Ted Danson but only if Ted Drinken
I worked out which made me so hungry I ate a wheel of cheese, in case you’re wondering how my new healthy lifestyle is going
EARTH:
SUN: please dont
EARTH: 🎶you-
SUN: seriously dude come on
EARTH: 🎶spin me right round
SUN: *sigh* 🎶baby right round
EARTH: 🎶like a record baby
SOLAR SYSTEM: 🎶right round round round
12: Dad, why haven’t we ever eaten at Applebee’s?
Me: Because I love you.
I’m starting a petition to get abacuses mounted on to all Zimmer Frames. I hope I can count on your support.
Who decided that we have to get stuff done every day?
“I’ll never understand why people can’t sleep with a closet door open” I say while making sure my feet don’t hang over the side of the bed.
To catch chlamydia, you have to think like chlamydia.
“Well … I’ll be dammed.”
Bodies of water when they see beavers coming.

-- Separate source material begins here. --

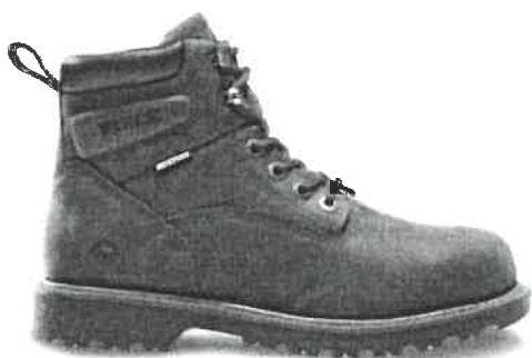
6" Dark Brown W10633 Steel-Toe BEST SELLER W10643 Soft-Toe

TOE TYPE: Steel-Toe or Soft-Toe UPPER: Premium Waterproof Full-Grain Leather LINING: Breathable Waterproof Membrane with Moisture Wicking Mesh INSULATED: N/A FOOTBED: Removable Full-Cushion Molded EVA MIDSOLE: Rubber OUTSOLE: Rubber Lug CONSTRUCTION: BonWelt SHANK: Nylon RATING: ASTM F2413-18 M I/75 C/75 EH SIZING: Men's: M 7-12, 13, 14; EW 7-12, 13 Women's: M 5-10, 11; W 5-10 6-WB0525/0005, 10-WB0595/W0575

me: if dracula bit jesus would he get drunk
priest: i’m going to have to check with the vatican and get back to you
“OK…that Trust Exercise didn’t go exactly according to plan. Once we dispose of the bodies let’s keep quiet about this…AS A TEAM!”
Nothing brings neighbors together like a few cops cars in front of another neighbor’s house that no one likes
Dog: WHAT IF I’M HERE ALONE FOREVER
Dog 911: WHAT WILL U EAT
Dog: probably eat the cat LOL
Dog 911: LOL
How many colors and shades is it okay to just call white?